A Decade and a Half of Crazy Summers

Whenever a film depicts the lives of fictitious individuals against a noteworthy historical backdrop, the question must be raised: do the filmmakers use their characters to humanize an otherwise emotionally unfathomable event, or do they cheaply exploit it to give their film greater social, political, intellectual, or philosophical weight than it warrants?  For the first half of its nearly two and a half hour running time, Ye Lou’s Summer Palace manages to deftly filter the unrest of late 1980s China through the microcosm of a teen attending Beijing University.  But following a dramatization of the Tiananmen Square demonstrations (and a where-are-they-now montage that swiftly glosses over the next decade), the film struggles for the next hour to rediscover the tone and pace that made its story up to that point so resonant.Yu Hong (Lei Hao), a teenager from Tumen, serves as our protagonist and Metaphor with a capital M.  Yu Hong is a thoughtful yet uncertain girl, more sure of what she doesn’t want to be than of what she does.  She enters university with hopes of dashing her small town ennui, but finds instead that the uncertainties of adult life are greater than those of adolescence.  The lonely and introverted Yu Hong is befriended by Li Ti (Ling Hu), a fellow student who then introduces her to Zhou Wei (Xiaodong Guo).  At first coy toward one another, Yu Hong and Zhou Wei begin the kind of courtship that seemingly only occurs in books and movies by or about disaffected poetic types; in between having sex and saying things like, “I think we should break up, because I don’t think I could stand to lose you,” she grows restless and begins testing the waters of their relationship, pushing the boundaries of Zhou Wei’s allegiance to see how far they will bend.
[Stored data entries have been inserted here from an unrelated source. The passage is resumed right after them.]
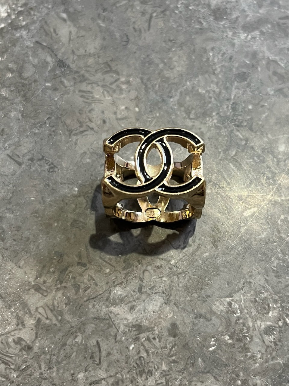 Bague en métal doré et résine noir composé de 4 logo CC.
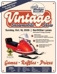 Northstar Lanes 400 Prosser Pl, Antigo, WIThe Bryant Ridge Runners snowmobile club will be holding a vintage snowmobile show to fundraise for trail maintenance on Sunday, October 18 at Northstar Lanes starting at 9am. There will be raffles all day with over 50 trophies for original and restored rides. Fee for entry is $5 per sled, $20 max. Registration runs from…
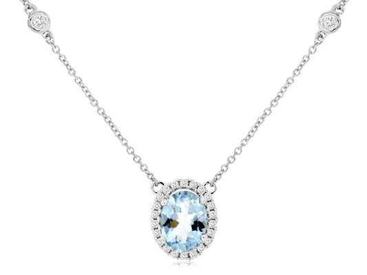 A 1.10ct oval cut aquamarine is the star in this beautiful 14k white gold necklace....
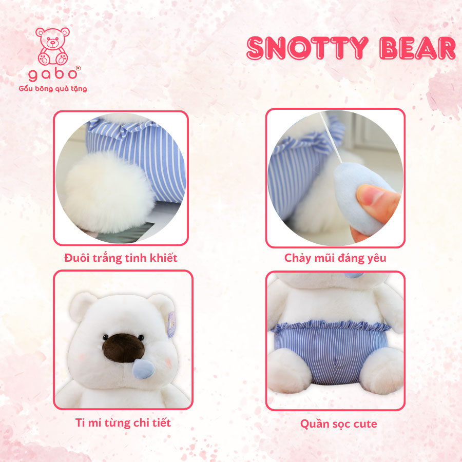 – TÊN SẢN PHẨM: Gấu Bông Gấu Trắng chảy mũi, nước mũi kéo ra được, Gấu teddy bị cảm quà tặng bạn gái
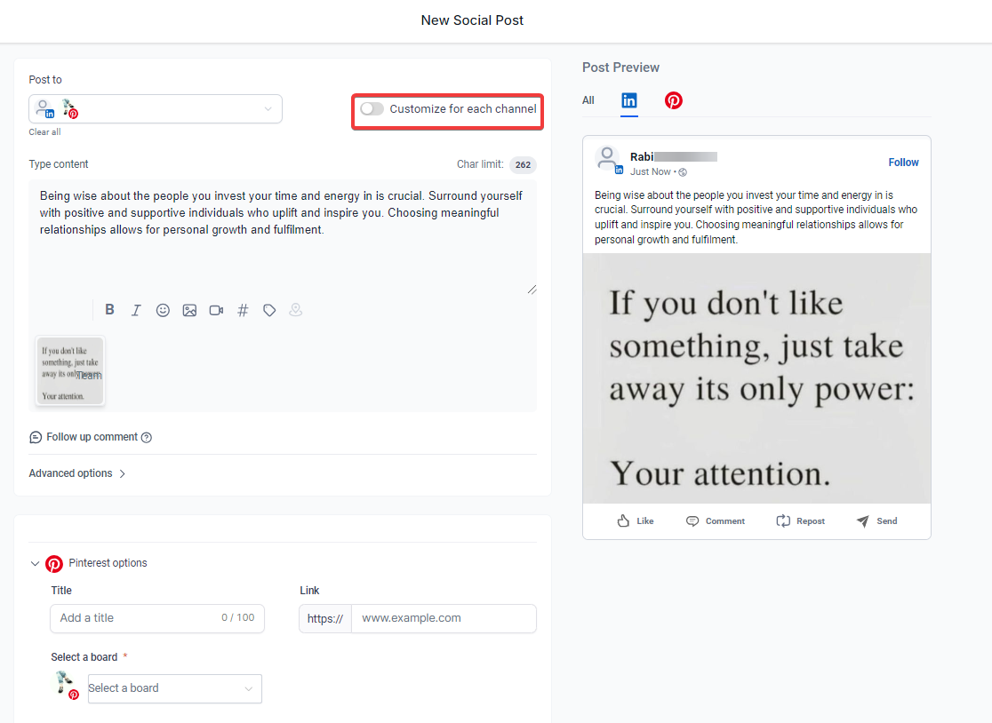 This feature lets you tailor posts for each platform, meeting specific requirements and reaching diverse audiences.
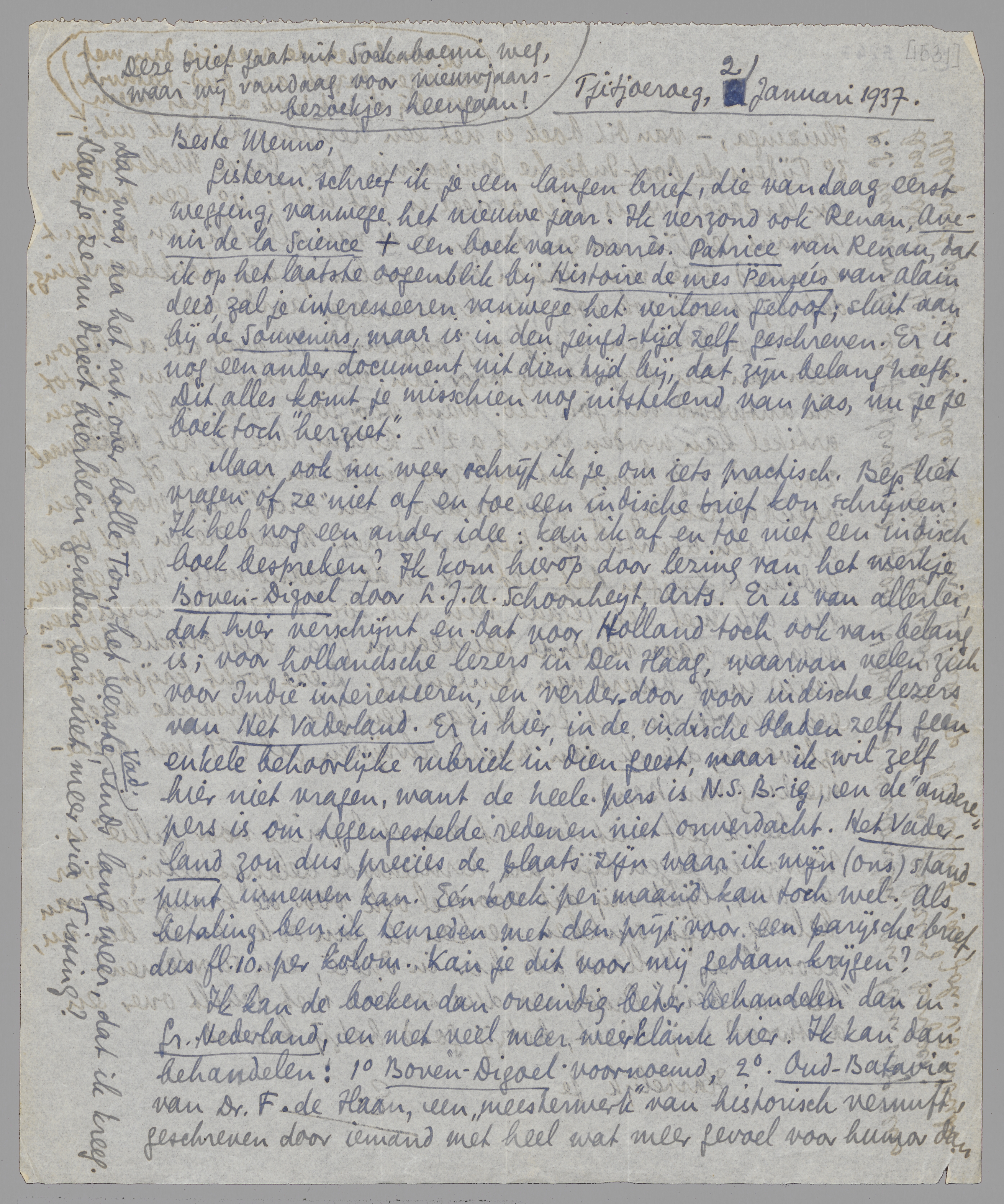 Maar ook nu weer schrijf ik je om iets practisch. Bep liet vragen of ze niet af en toe een indische brief kon schrijven. Ik heb nog een ander idee: kan ik af en toe niet een indisch boek bespreken? Ik kom hierop door lezing van het werkje Boven-Digoel door L.J.A. Schoonheyt, Arts. Er is van allerlei, dat hier verschijnt en dat voor Holland toch ook van belang is; voor hollandsche lezers in Den Haag, waarvan velen zich voor Indië interesseeren, en verder-door voor indische lezers van Het Vaderland. Er is hier, in de indische bladen zelf, geen enkele behoorlijke rubriek in dien geest, maar ik wil zelf hier niet vragen, want de heele pers is N.S.B.-ig, en de ‘andere’ pers is om tegengestelde redenen niet onverdacht. Het Vaderland zou dus precies de plaats zijn waar ik mijn (ons) standpunt innemen kan. Eén boek per maand kan toch wel. Als betaling ben ik tevreden met den prijs voor een parijsche brief, dus fl. 10. per kolom. Kan je dit voor mij gedaan krijgen?

And yet, she is inconsolable when they finally break.  Moving on from one loveless, impulsive, illicit romance to another, Yu Hong seems intent on alienating everything and everyone for whom she cares.  Hers is the kind of self destructive behavior that seems aloof on the surface but stems from a deep current of doubt.  Afraid to have anything taken from her against her will, she tests everyone who enters her life — an endless string of Jobs of varying degrees of love-blind acceptance.  If they can endure Yu Hong’s games, the logic follows, they will be willing and able to maintain.  If, however, they do not, she can rest knowing that it was by her own choice and actions that their relationship has severed.

It is too late when Yu Hong realizes that there is more than empty consolation in the old trope that it’s better to have loved and lost than to have never loved at all.  As the chasm between her ideal and her actual lives grows, her affairs become more reckless, until a tragic event reminds her of what is truly important to her — and how irreparably she has sabotaged it.

If this were all, the film would be an entertaining, if somewhat heavy handed, treatise on self realization and positive actualization — a pleasant and illuminating microcosm of the country and its times.  But the last hour of the film constantly teases the audience with a resolution that it doesn’t deliver.  While the moral implications of the film’s non-ending are significant, they are in no way different than those drawn from the film’s midpoint, which would have made for a more logical conclusion.  There simply isn’t enough going on over the next fifteen years of Yu Hong’s life to warrant an additional hour of film.  Nothing that any of the characters begin after college is explored, nor is it resolved.  Perhaps this is the film’s conceit: that there will always be a disparity between how we’d like things to occur and how they do, and that it’s more often than not our own fault due to blinders we don’t realize we’re wearing.  But that point was made succinctly halfway through the film; everything that comes after is beating a dead horse.

This is not to say that Summer Palace is a bad film.  The first half is a moving evocation of those uncertain years between childhood and adulthood, in which our illusions of life crumble around us and we are left, ill equipped and with mediocre tools, to rebuild them stronger than before.  The sex scenes == of which there are many — are surprisingly tender.  They do not titillate; instead, they give us insight into a side of the characters which they hide, sometimes even from themselves.  With either a little trimming or a little expanding, the film would be an unqualified success.  As it stands, Summer Palace is an ambitious but uneven curiosity, tedious at its worst, but fleetingly brilliant at its best.